Polls close at 7:30 pm, and if the other kind of polls are right the vast majority of West Virginians are voting for Hillary Clinton. She has led in all four May polls, by margins ranging from 66-23 to 56-27. She'll win in a blowout. But what will it mean?

Obama has tried in every way possible to make it not mean much.

Seizing on a comment Bill Clinton made urging West Virginians to rack up an 80-20 victory, Obama has tried to set that as a benchmark -- surely the first time in history that a presumptive presidential nominee has tried to cast a 50-point defeat as a moral victory! He has appeared in West Virginia only once since March, doing a couple of events in Charleston yesterday.

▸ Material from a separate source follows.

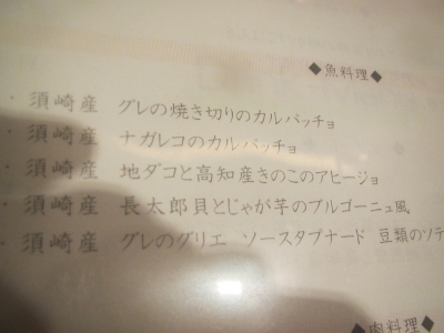 食べながら本を読んでいると、現れるグレのグリエ。グレは須崎獲れらしい。

The idea seems to be to depress the turnout and the volume of the popular vote defeat, if not the margin, by not really competing. He doesn't even intend to deliver remarks tonight after returns come in. Today, he's on to Missouri. Tomorrow, he's supposed to be in Michigan, and he's also scheduled events in Florida, trying to make amends in the dispute over seating those delegations.

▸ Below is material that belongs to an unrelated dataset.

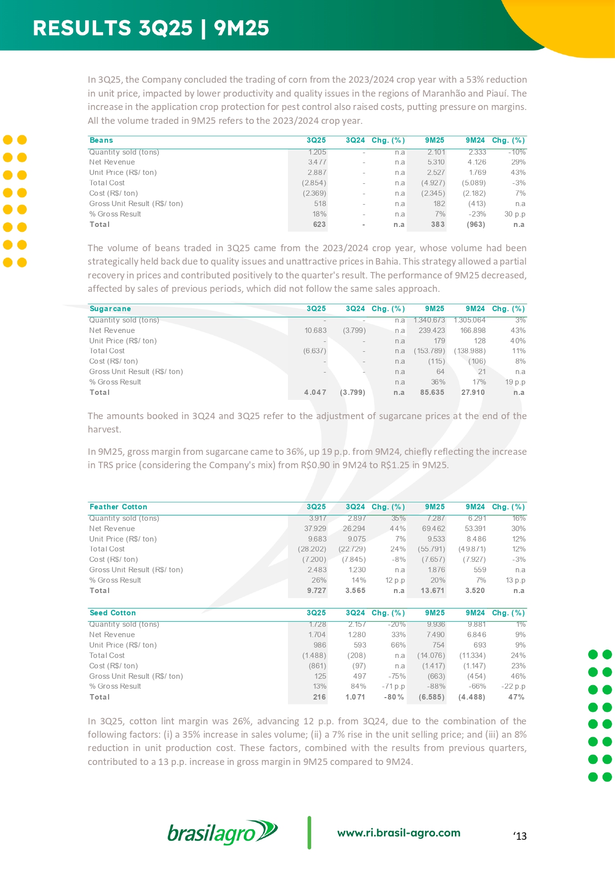 25年第三季度的豆类交易量来自2023/2024作物年度,由于质量问题和巴伊亚州缺乏吸引力的价格,该年度的交易量一直受到战略性抑制。这一策略让价格出现了部分复苏,并对本季度的业绩做出了积极贡献。9M25业绩下降,受前期销售影响,未按相同销售方式。3Q24和3Q25的入帐金额是指收割结束时甘蔗价格的调整。9M25,甘蔗的毛利率达到36%,较9M24上升19个百分点,主要反映了TRS价格(考虑公司的组合)从9M24的0.90雷亚尔上涨至9M25的1.25雷亚尔。25年第三季度,皮棉利润率为26%,较24年第三季度提高12个百分点,原因是以下因素综合在一起:(i)销量增加35%;(ii)单位售价上升7%;(iii)单位生产成本下降8%。这些因素,再加上前几个季度的业绩,促使9M 25的毛利率比9M 24增长了13个p. p.。25年第三季度,受Maranh ã o和Piau í地区生产力和质量问题下降的影响,公司完成了2023/2024作物年度的玉米交易,单价降低了53%。为控制虫害而增加的应用作物保护也提高了成本,给利润率带来压力。所有成交量在9M25指的是2023/2024作物年度。Bea ns 3 Q 253 Q 24 chg。(%)9 m 25 9 m 24 chg。(%)2.333-10% 2.10 1-n.a 1.205销售数量(吨)4.12 629% 5.3 10-n.a 3.477净收入1.76943% 2.527-n.a 2.887单位价格(R/吨)(5.089)-3%(4.927)-n.a(2.854)总成本(2.18 2)7%(2.345)-n.a(2.369)成本(R/吨)(413)n.a 182-n.a 518毛单位结果(R/吨)-23% 30 p.p 7%-n.a 18%%毛结果(963)n.a 383-n.a 623总chg。(%)9m24 9m25 CHG。(%)3Q24 3Q25 Suga rca ne 3% 1.305.06 41.340.673 n.a--售出数量(吨)43% 166.89 8239.423 n.a(3.799)10.683净收入40% 128179 n.a--单价(R $/ton)11%(138.988)(153.789)n.a-(6.637)总成本8%(106)(115)n.a--成本(R $/ton)n.a 2164 n.a--总单位结果(R $/ton)19 p.p 17% 36% n.a % Gross Result n.a 27.9 1085.635 n.a(3.799)4.047 tota l‘13 chg。(%)9m24 9m25 CHG。(%)3Q24 3Q25 Fea ther Cotton 16% 6.29 17.28735% 2.89 73.917 Quant ity sold(tons)30% 53.39 169.46 244% 26.29437.9 29 Net revenue 12% 8.48 69.53 37% 9.07 59.683 Unit price(R $/ton)12%(49.871)(55.791)24%(22.729)(28.202)Total cost-3%(7.9 27)(7.657)-8%(7.845)(7.200)Cost(R $/ton)n.a 5591.876 n.a 1.2302.483 Gross unit result(R $/ton)13 p.p 7% 20% 12 p.p 14% 26%% Gross result n.a 3.52013.671 n.a 3.5659.727 tota(%)9m24 9m25 CHG。(%)3Q243Q25籽棉1% 9.88 19.936-20% 2.1571.728销售数量(吨)9% 6.8467.49033% 1.2801.704净收入9% 69375466% 593986单价(R/吨)24%(11.334)(14.076)n.a(208)(1.488)总成本23%(1.147)(1.417)n.a(97)(861)成本(R/吨)46%(454)(663)-75% 497125毛单位结果(R/吨)-22 p.p-66%-88%-71 p.p84 % 13%%毛结果47%(4.488)(6.585)-80% 1.07 1216总

He continues to rack up superdelegate support -- a net of more than 20 over Clinton since last Tuesday, including four so far today, one promoted on a conference call. His campaign has spent the past week pointing to next Tuesday -- when, despite another expected drubbing in Kentucky, he hopes to secure an absolute majority in pledged delegates by winning Oregon, where he leads in two new polls 55-35 and 54-43.

The risk: He is missing an almost risk-free opportunity to enter the lion's den and at least show character by reaching out to the blue-collar white voters who have been most resistant to him. And, he is not quite 100-percent home free in the popular vote -- there's still a danger that he could be overtake by huge, resounding blowouts in WV, Ky. and Puerto Rico.

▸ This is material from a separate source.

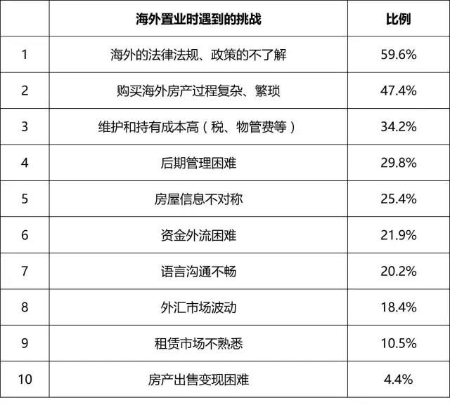 在获取海外房产投资信息方面,“朋友亲戚推荐”是他们最信任的渠道,占比28.2%。但是,“投资地相关的法律法规、政策”等同样也是朋友亲戚的盲点,所以, 在被问及“购置海外房产遇到的困难”时,高净值人群普遍认为“对海外当地的经济与法律环境不了解”是进行海外房产投资的最主要挑战,该部分人群占比高达六成。同时相比投资国内房产来说,购买海外房产时复杂和繁琐的过程以及较高的维护与持有成本,也给他们带来了一定的困扰。因此,一些可以提供海外投资房产“一站式”服务的渠道,将成为高净值人群进行海外置业的一大需求。

But, realistically, West Virginia -- which Gore and Kerry both lost -- has only 28 delegates. The media has already decided Obama is the winner of the nomination, and has discouted a big WV loss. First Read sets the bar at 38 percent -- Obama's average white vote in similar states -- and concludes:

"Perhaps the best way to think of today’s West Virginia primary is like the final football game of the regular season, which really won’t impact the teams headed to the playoffs. Yes, the players will once again don their helmets and shoulder pads. Yes, the game will count, as will the statistics. But MUCH, MUCH more has to happen besides this sole game to change the postseason situation."